Rivington is a nice place, easy to park on the lane just off the main drive and the lower barn does lovely tea and cakes if you need a recharge when you get back from riding. If you park at the Royal arms at Tockholes you have the forestry commission on one side of the road and the moor which has loads of paths on the other. You could box out to Ansdell beach for a change too. Happy hacking.x


----------



## xxcharlottexx (7 October 2014)

As Annie B had just said both Rivington and tockholes are great places to hack. I moved recently to tockholes from Rivington where I had been stabled for 10 years,  so just shout if you want any more info


----------



## Mari (7 October 2014)

I'm near Carrside & didn't know they do escorted hacks. My horse doesn't 'do' traffic so I have to go off road. I use Beacon Fell regularly for off road.


----------



## Gleeful Imp (8 October 2014)

Thanks guys, xxcharlottexx I'll take you up on that kind offer. Ive heard lots of great things about riding round Tockholes, Beacon Fell and Rivington but never seemed to find out where actually to go, simple things such as where to park


----------



## xxcharlottexx (9 October 2014)

No worries.
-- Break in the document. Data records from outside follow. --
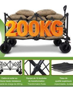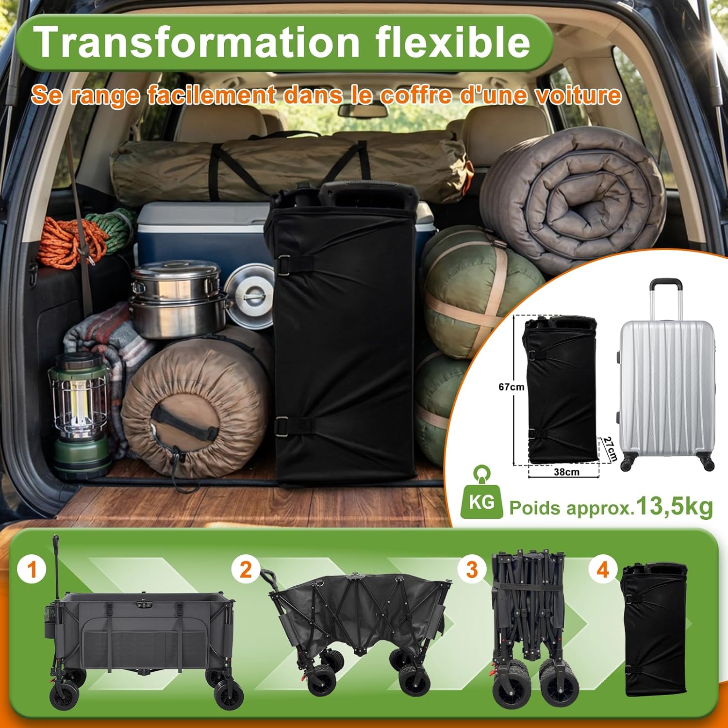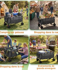 - 【Large gamme d’applications】Le chariot à roulettes est ergonomique et facile à pousser et à tirer. Parfait pour les sorties à la plage, les pique-niques, le camping, le shopping, le jardinage, le transport d’animaux domestiques ou d’enfants en bas âge et d’autres activités de plein air pour découvrir la nature. Disponible en trois couleurs, selon vos préférences.
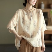 eign trade イタリア高級ブランド カットレーベル リネン 半袖 レディース シャツ 花柄 ドールカラー ラミーコットン トップス sine18168451877
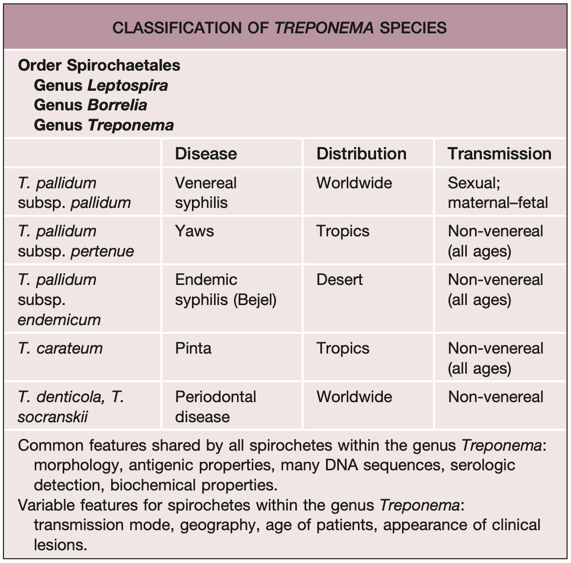 Classification des tréponèmes

Just Pm me with what you want to know and il do my best to help


----------



## Bojingles (9 October 2014)

Gleeful Imp, is your grey tiny or is the coloured a giant??


----------



## Gleeful Imp (14 October 2014)

He was a proper heavy weight (and a maxi at that) so a big lad - she was just under 16hh and a riding horse - but she's being a good girlie for her photo and he was being an over excited beggar!!!!


----------